In the case of lineage 7, the Brazilian and Senegalese virologists were able to identify a mutation (in gene S653F NS5) that is associated with an increased resistance to interferons, proteins made and released by the immune system’s white blood cells in response to the presence of viruses and other pathogens to interfere with their replication. This mutation could help explain the high virulence of lineage 7.
“With the exception of a single possible accidental infestation, which occurred in vitro in Africa, lineage 7 has never been isolated in humans,” Zanotto said. “But it was devastatingly lethal to mice in laboratory tests.”
The low virulence of lineage 8 and high virulence of lineage 7 were tested, confirmed and measured both in vitro, using infected cells, and in vivo, by inoculating mice in the Dakar laboratory.
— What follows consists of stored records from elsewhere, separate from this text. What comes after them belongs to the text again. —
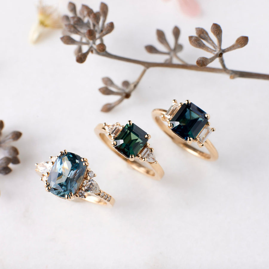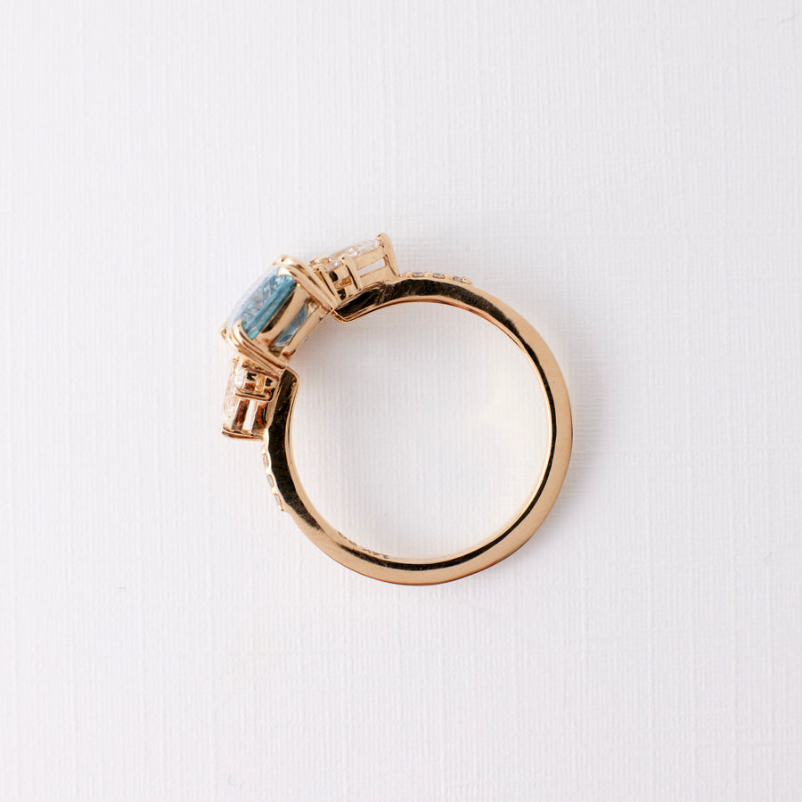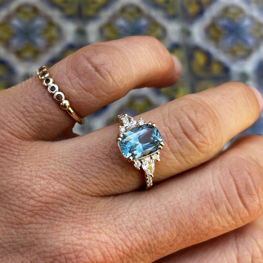 Why it's special: Featuring a gorgeous and substantial 3.06 carat aqua blue cushion cut sapphire that we would say is the perfect color—a serene aqua blue hue that glows in the sunlight. Complemented by pear and round brilliant cut accent diamonds, this ring is a true statement of elegance and sparkle.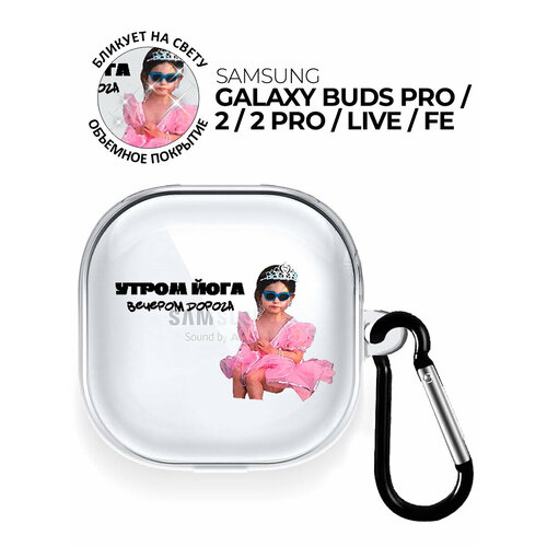 Чехол на Samsung Galaxy Buds Pro / 2 / 2 Pro / Live / FE с принтом "Утренняя йога" прозрачный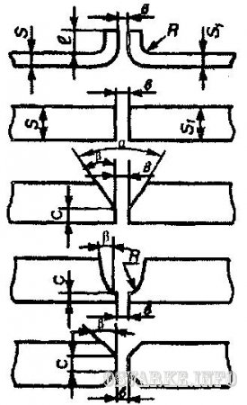Рис. 14. Примеры подготовки кромок: I - высота отбортовки; R - радиус закруглений; β - угол скоса кромок; α - угол разделки кромок; S и S1 - толщина металла

In the case of lineage 8, the virus displayed low capacity to replicate in vitro and almost no virulence in mice.
International cooperation in the fight against epidemics
The teams of virologists from USP and Senegal have a history of over 20 years of scientific collaboration, established on the basis of joint studies of dengue virus, the notorious Ebola, and more recently, Zika virus.
Outbreaks of these emerging viruses in Brazil and Senegal enabled ICB-USP and Institut Pasteur de Dakar to train professionals and learn the techniques required to become leading institutions in research on arboviruses (viruses transmitted by insects).
This leadership is reflected by the quantity and quality of the research conducted by the two institutions when the Zika outbreak was at its height in 2015. “The Dakar Pasteur and the team from USP published a larger number of relevant scientific papers on the subject in 2015 than even the researchers at the US Centers for Disease Control & Prevention (CDC),” Zanotto said.